Case Study: Chronic Ingrown Toenail in a 14-Year-Old Boy

Ingrown Toenail Surgery

Case Study: Chronic Ingrown Toenail in a 14-Year-Old Boy

A 14-year-old boy presented at Leading Edge Podiatry with a chronic ingrown toenail in his left big toe. He reported that the pain had been present for 4 weeks. He initially saw his General Practitioner who prescribed antibiotics Flucloxacillin for 10 days. This helped reduce some of the pain initially however, after 2 weeks it became more inflamed with a large red lump of skin forming on the side of the nail. He has been salt bathing the foot but it is not providing much pain relief. He previously had the same issue on the same toe 1 year ago and 6 months ago. His father also has had some ingrown toenail problems. He was a keen soccer player and had been unable to play due to the pain.

Ingorwn toenail


Patient’s Pain Symptoms

The patient reported that the pain was present in his left big toe. The onset of pain was when he first noticed the nail growing into the skin. It was initially sore just wearing shoes but recently sore with pressure against bedsheets and socks. The pain was worse when wearing shoes and when playing soccer. The patient described the pain as a sharp, throbbing sensation in the toe. There was pus initially when seeing the General Practitioner but none since. It is too sore to touch. The patient has a history of anxiety with needles. His goal is to return to playing soccer.
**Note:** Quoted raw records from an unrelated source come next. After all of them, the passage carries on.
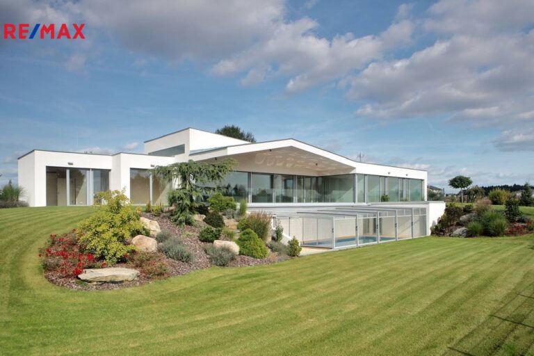 Dům je zcela bezbariérový, jeho velkou výhodou je skutečnost, že se vše podstatné odehrává na jednom podlaží, bez nutnosti chůze do schodů. Dispozice domu s celkovou podlahovou plochou 380 m2 nabízí celkem 5 ložnic a čtyři koupelny s WC, wellness, terasu a dvougaráž.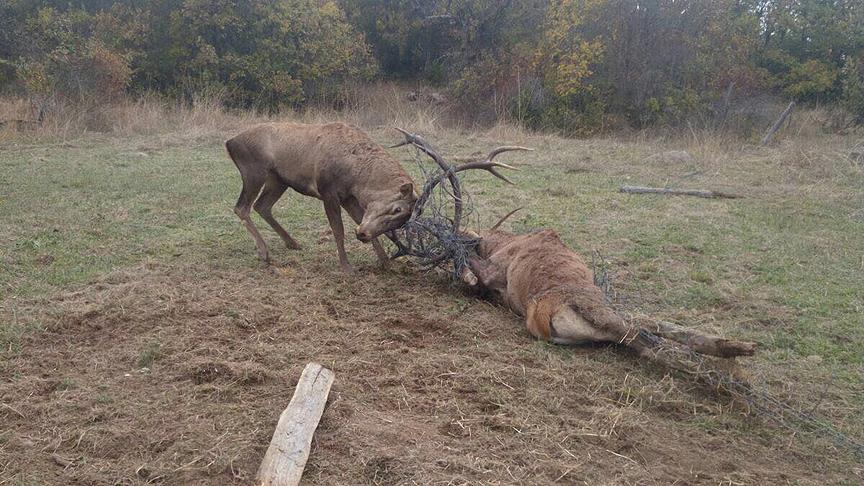Bu arada yetkililer, geyiklerin çiftleşme kavgası sırasında tel örgülere takılmış olabileceğini ifade etti.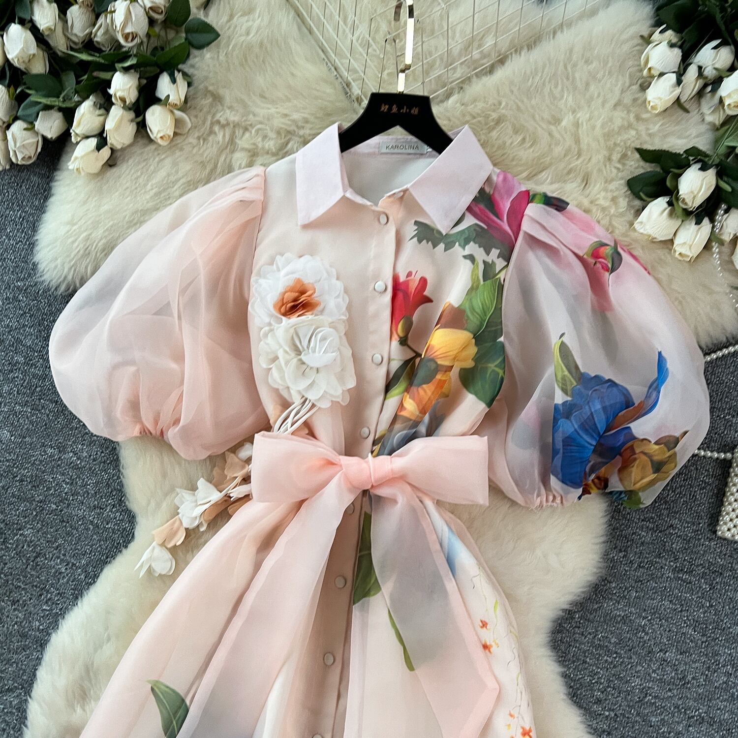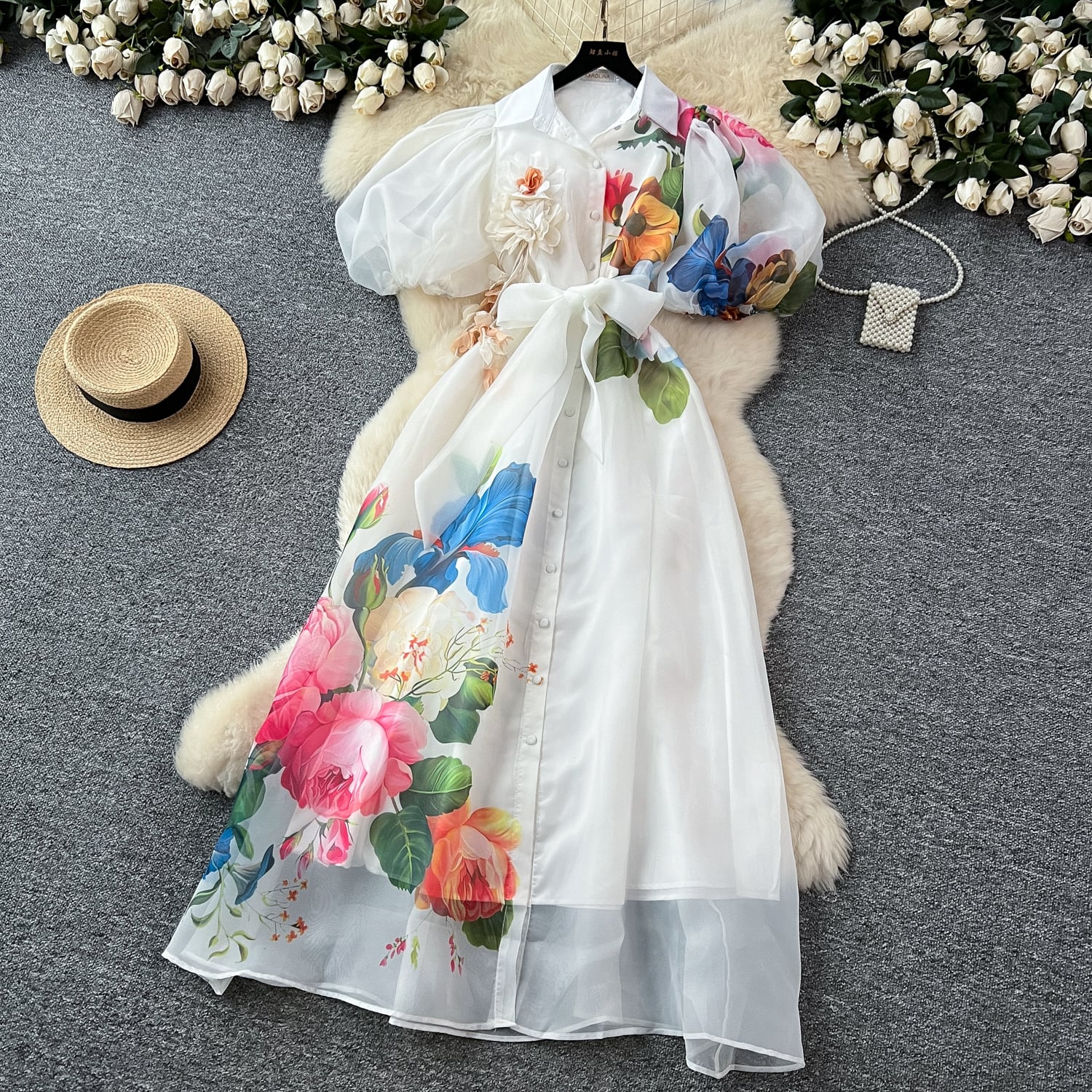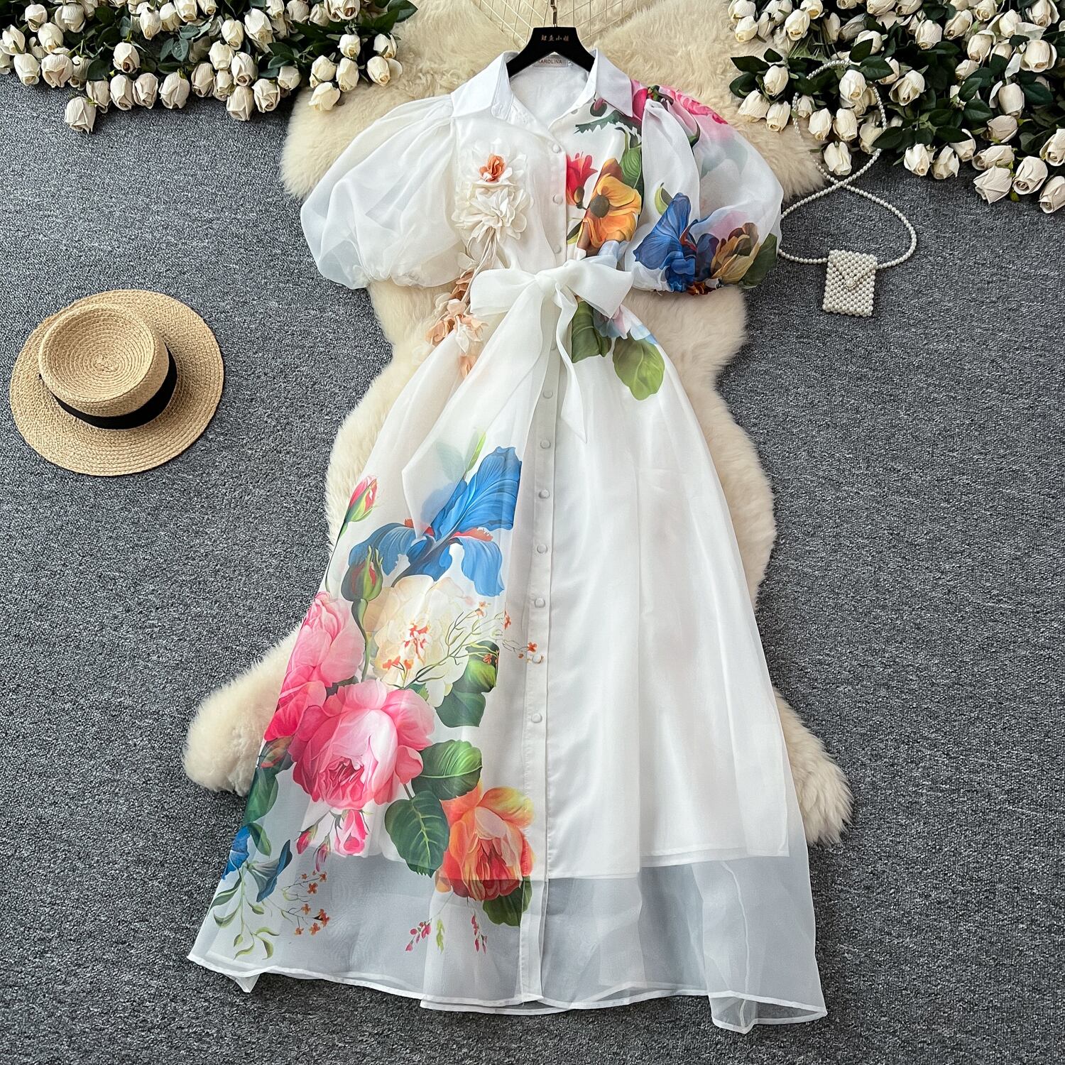 繊細なフラワープリントと透け感のある素材が軽やかに揺れ、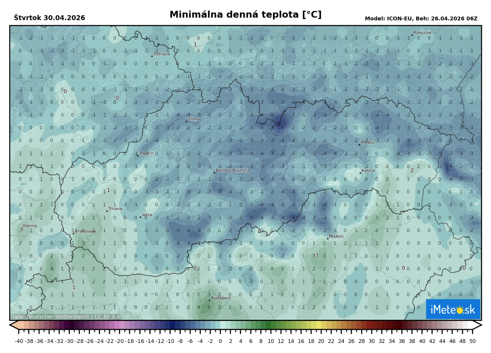 Nebezpečné mrazy by tak mohli zasiahnuť celé územie Slovenska, čo naznačuje aj aktuálna mapa teplôt v noci zo stredy na štvrtok.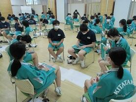 今日の5、6時間目に3年生が外部から講師を招いて、「にこころの健康づくりセミナー」を実施しました。目的は、生徒が自分自身の心の健康状態を保ちつつ、家族・友人・知人等と接する中で、悩みを抱える人のサインに気付き、必要なときに声をかけて話を聞き、適切な支援につなぐことができるようにすることです。3年生の先生方から生徒たちにとってとてもよい機会になったという報告を受けました。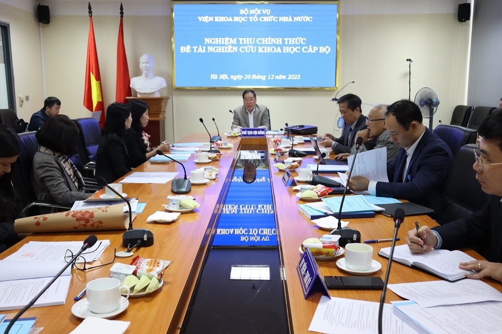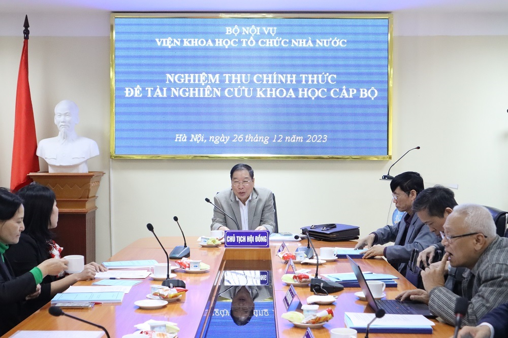 Ngày 26/12/2023, tại trụ sở Bộ Nội vụ, Viện Khoa học tổ chức nhà nước đã tổ chức nghiệm thu chính thức đề tài khoa học cấp Bộ “Cơ sở khoa học xác định địa vị pháp lý của chính quyền địa phương ở Việt Nam hiện nay” do TS. Hoàng Thị Giang, Giảng viên Khoa Lưu trữ học và Quản trị văn phòng, Học viện Hành chính Quốc gia làm chủ nhiệm, Học viện Hành chính Quốc gia là tổ chức chủ trì.

Examination and Assessment

The podiatrist carried out a thorough examination, beginning with a comprehensive history-taking. The patient’s foot was examined and compared to the opposite foot’s big toe. The toenail is curled at the sides and very broad pushing against the skin. It was too tender to press, warmth was noted and red inflamed raw tissue was noted. No pus or discharge was observed.

Ingorwn toenail surgery


Diagnosis and Treatment

The podiatrist diagnosed the patient with a chronic ingrown toenail. Unfortunately, the antibiotics only helped settle the bacterial infection. The nail was still piercing into raw skin/tissue and not settling the pain. Given the family history and ongoing issue with the ingrown toenail, the patient was recommended to have minor ingrown toenail surgery. This involves injecting a local anaesthetic and removing the offending edge (partial nail avulsion) and applying a chemical to burn the “root” of the nail to prevent regrowth. To complete local anaesthetic injection the patient was first administered Methoxyflurane (aka “The Green Whistle”) which reduced the anxiousness of the patient and the pain from the injection.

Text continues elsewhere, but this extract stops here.